Learning Horizons Expand for Environmental Journalism Students

Michelle Polley, a naturalist at Pinery Park in Ontario, discusses skinks, toad balloons, marram grass, hognose snakes and karner blue butterflies with Knight Center students on a Lake Huron beach. The students traveled to Canada to study transboundary issues. From left Remington Sawege, Kaley Fech, Whitney McDonald, Quinn Zimmerman, Alexandria Iacobelli and Anntaninna Biondi.

The Knight Center for Environmental Journalism created several exciting learning opportunities for its students this fall.

With financial assistance from MSU Canadian Studies, Dave Poulson, senior associate director of the Knight Center, took the environmental reporting class to Canada for three days. Students visited a marijuana farm to learn of its environmental impact on the eve of marijuana legalization. They toured the terminal where the controversial Line 5 pipeline ends in Sarnia. Students also met with anti-nuclear activists, toured a nuclear power plant, and visited an oil refinery.

The experience gave students the opportunity to interview the mayor of Sarnia, several energy industry executives and members of a First Nations tribe on an island in the St. Clair River.

Following the Canada trip, the Knight Center hosted a dozen Chilean journalists and journalism students for a week as part of a state department training grant.

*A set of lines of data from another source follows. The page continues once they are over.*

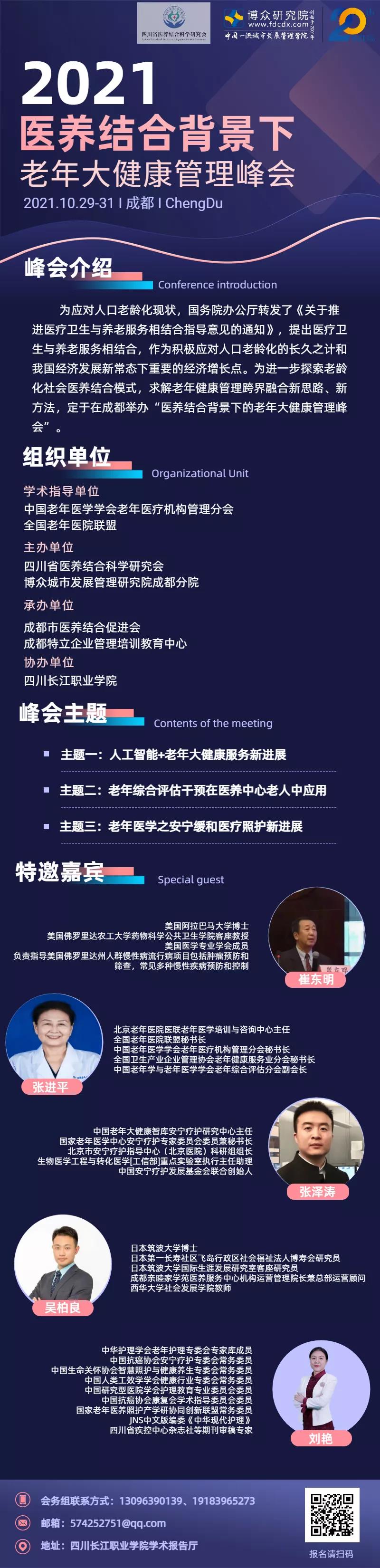 为应对人口老龄化现状,国务院办公厅转发了《关于推进医疗卫生与养老服务相结合指导意见的通知》(国办发〔2015〕84号),提出医疗卫生与养老服务相结合,作为积极应对人口老龄化的长久之计和我国经济发展新常态下重要的经济增长点。为进一步探索老龄化社会医养结合模式,求解老年健康管理跨界融合新思路、新方法,博众研究院成都分院与四川省医养结合科学研究会定于2021年10月29日-31日在成都共同举办“医养结合背景下老年大健康管理峰会”。
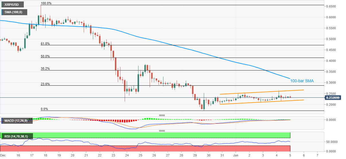 XRP/USD recedes from an intraday high of 0.2400 to 0.2306 during early Tuesday. Even so, the ripple pair remains inside an ascending trend channel formation established since December 30.
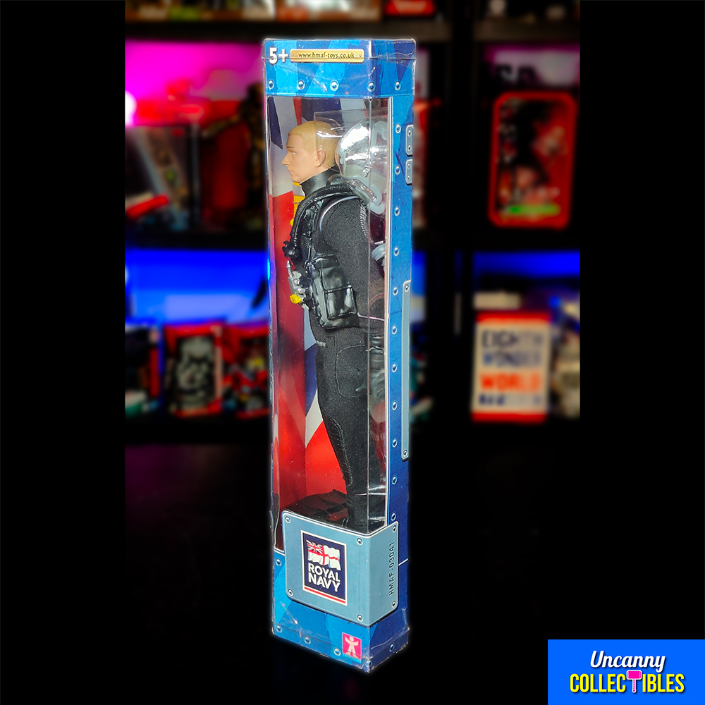 Dive into action with this HM Armed Forces Royal Navy Diver figure! Standing 30 cm (12 inches) tall, this officially licensed figure comes with a fabric diving suit, removable face mask, air tanks, and accessories. Still factory sealed in its original box, this is a great find for military action figure collectors.
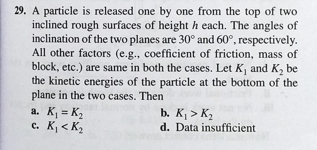 A particle is released one by one from the top of two inclined rough surfaces of height h each. The angles of inclination of the two planes are 30 and 60, respectively. All other factors A particle is released one by one from the top of two inclined rough surfaces of height h each. The angles of inclination of the two planes are 30 and 60 respectively. All other factors October 3, 2020 Category: Uncategorised (JEE Advanced Physics by BM Sharma + GMP Solutions) , Facebook Messenger WhatsApp Share this:TwitterFacebook Related
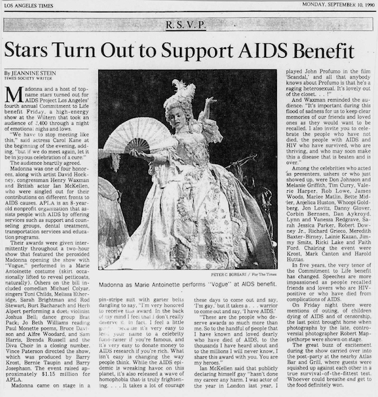 On September 7 1990, Madonna was honored with the Commitment To Life Award and performed Vogue at the Commitment To Life IV benefit for AIDS Project Los Angeles (APLA) at the Wiltern Theatre in Los Angeles, California.
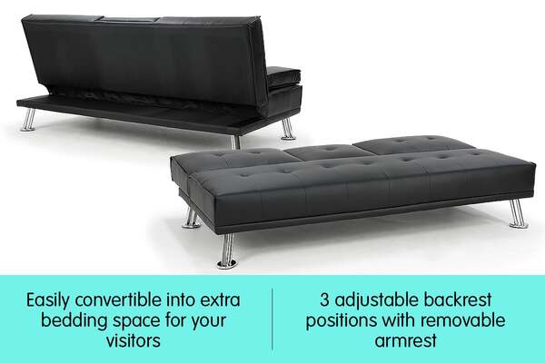 It's easily convertible into extra bedding space for your visitors, this is designed with multi functionality in mind. It features leather upholstery with thick cushioning providing superior comfort. Highly practical and served with a contemporary flair.
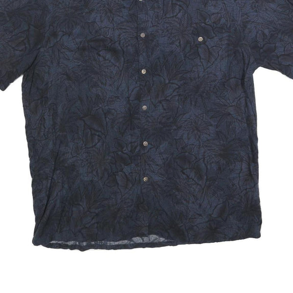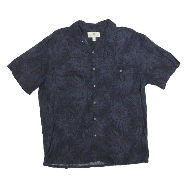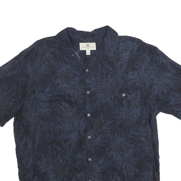 ISLAND SHORES Mens Blue Rayon Hawaiian Shirt L Tropical Print Lightweight
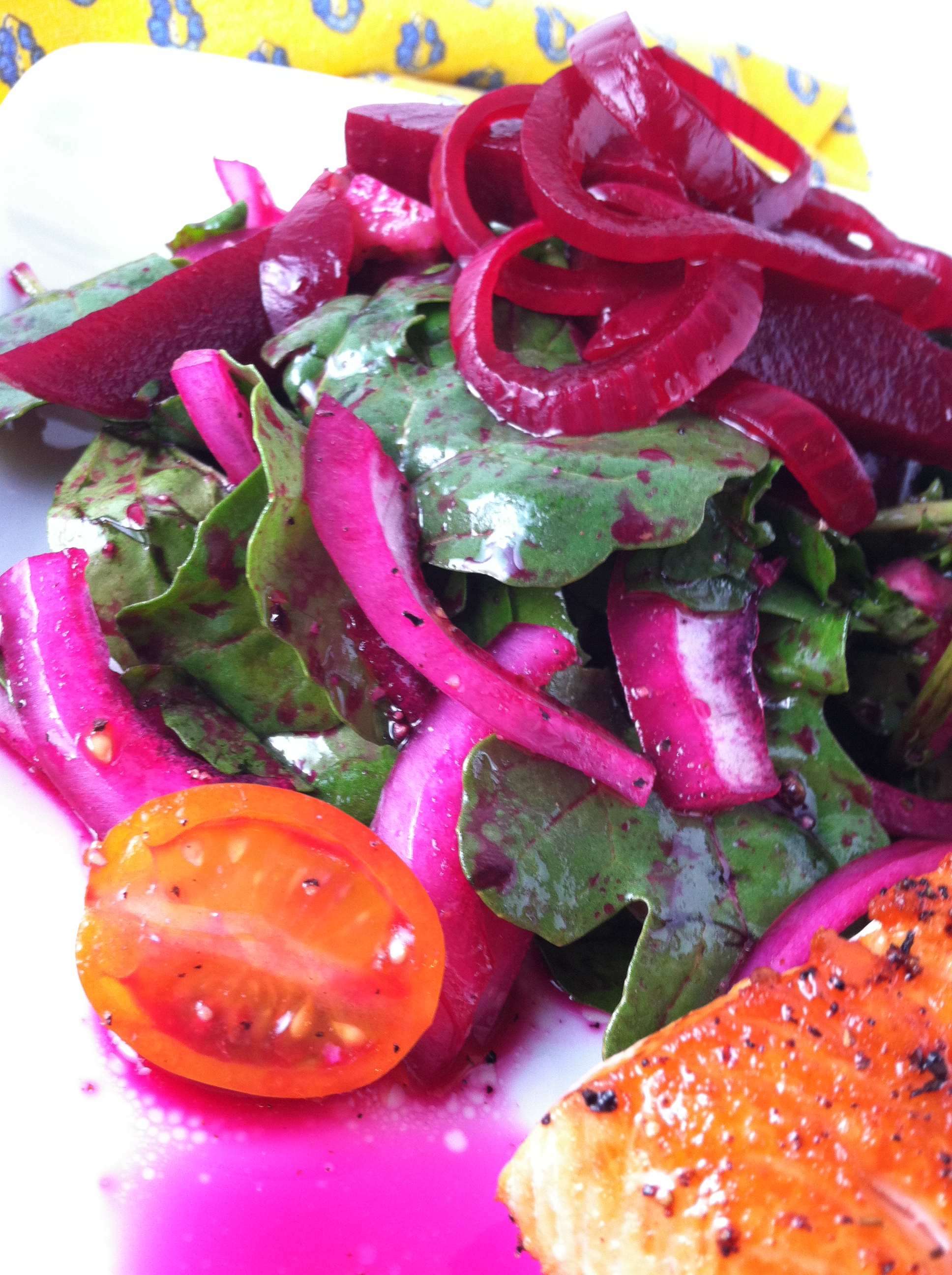 You could use the beet juice from the pickling jar and drizzle a bit of olive oil for the dressing.

J-School and MSU faculty assisted with presentations at Communication Arts and Sciences and across campus. Knight Center for Environmental Journalism Director Eric Freedman returned to Michigan temporarily from his fellowship in the Republic of Georgia to assist in the effort.

As part of the visit, the Knight Center faculty traveled with the Chileans and a dozen MSU students to Flint for the annual meeting of the Society of Environmental Journalists.